The NSA said the Russian hackers are part of the GRU Main Center for Special Technologies (GTsST), field post number 74455, and it believes the group has been leveraging the unpatched critical vulnerability (CVE-2019-10149) in Exim servers to gain remote control over affected machines and potentially conduct espionage operations.
While the patch for addressing the vulnerability introduced in Exim version 4.87 has been available since June 5, 2019, many systems likely remain unpatched. By exploiting it, attackers gain the ability to add privileged users, alter network security settings, modify SSH configuration for remote access, and even deploy additional exploitation tools.
“When CVE-2019-10149 is successfully exploited, an actor is able to execute code of their choosing,” reads the NSA security alert. “When Sandworm exploited CVE-2019-10149, the victim machine would subsequently download and execute a shell script from a Sandworm-controlled domain.”
The group, known as “Sandworm,” is believed to have also developed the BlackEnergy malware responsible for Ukraine”s power outage in 2015 and 2016, and the NotPetya ransomware that targeted Ukraine in June 2017.

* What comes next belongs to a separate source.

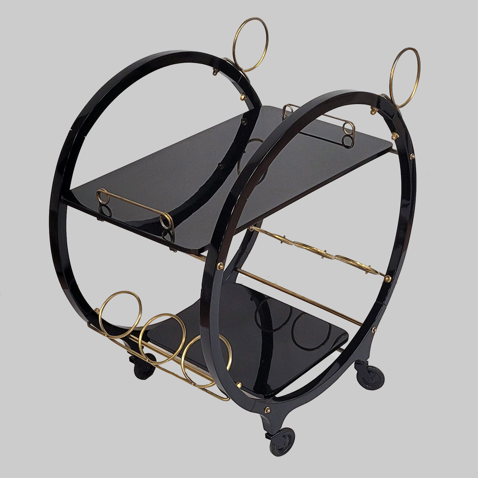 Art-Déco BarwagenHolz, schwarzer Hochglanzlack, gummierte Metallrollen, originale Griffe und Flaschenhalter aus Messing, abnehmbares Tablett, Frankreich, um 1935, 72 x 59 x 42 cm

While it is unclear what damages the attacks could have inflicted or what public or private organizations might have been targeted, it is not the first time the NSA hasn”t shied away from pointing the finger at Russian, Chinese, Iranian, and North Korean operations.
The advisory also urges IT security and administrators to patch their systems, deploy defense-in-depth strategies and use network-based security appliances capable of detecting and blocking exploits.
“Update Exim immediately by installing version 4.93 or newer to mitigate this and other vulnerabilities. Other vulnerabilities exist and are likely to be exploited, so the latest fully patched version should be used,” warns the NSA security alert.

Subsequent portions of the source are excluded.